Our weekly podcast includes in-depth analysis of the music we find extraordinary, exciting, and just plain terrible. This week Reviews Director Jeremy D. Larson hosts Contributing Editor Jayson Greene and Features Editor Ryan Dombal to talk about Greene’s recent piece “The Untold Story of Elliott Smith’s Teenage Band,” in which the beloved singer-songwriter’s old friends reminisce about the six albums they made together in the mid-to-late 1980s. The episode also includes comparisons of songs Smith sang in his high school days alongside striking similar moments from his solo catalog, shedding new light on his artistic process.

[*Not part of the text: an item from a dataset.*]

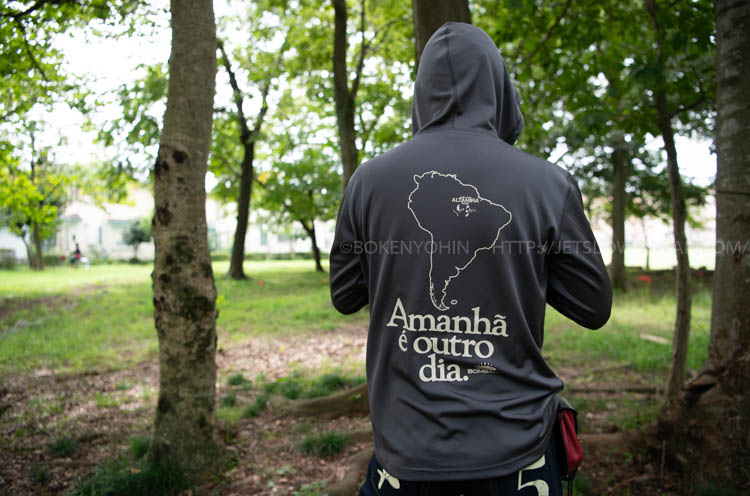 今回のモデルは前面の襟元にワンポイント、そしてバックプリントに南米大陸のみとできるだけシンプルなデザインにこだわりました。

Listen to this week’s episode below, and follow The Pitchfork Review here. You can also check out an excerpt of the podcast’s transcript below.
Jayson Greene: A lot of these high school recordings, along with the stories his friends told me, offer counter-programming to this caricature of Elliott Smith as the ultimate sad-guy singer-songwriter. I mean, these were not miserable kids who were made to feel like they were loners and outcasts. These were kids who were accepted. Two of his old bandmates, Glynnis Fawkes and Garrick Duckler, were put on the ballot for homecoming royalty; talking about that, Glynnis said, “If that was ironic, I don’t know,” [laughs] but it speaks to who they were. They were happy.
And this was the ’80s, when every rock song had a compulsory guitar solo.
Ryan Dombal: Do you remember any specific songs with guitar solos that really pop off?
Greene: The one that comes to my mind is “Small Talk”—boy, just the first 10 seconds alone, there’s this sort of Dave Navarro-y stop-start groove. It’s not an Eddie Van Halen solo per se, but there’s these wild riffs going off in the background, and it’s strutting. To be blunt and indelicate, it’s essentially Elliott Smith getting his cock rock on, because the opening line is something about a naked woman, and he’s grunting. But it’s so endearing. It’s hard to feel anything but affection for this sort of thing.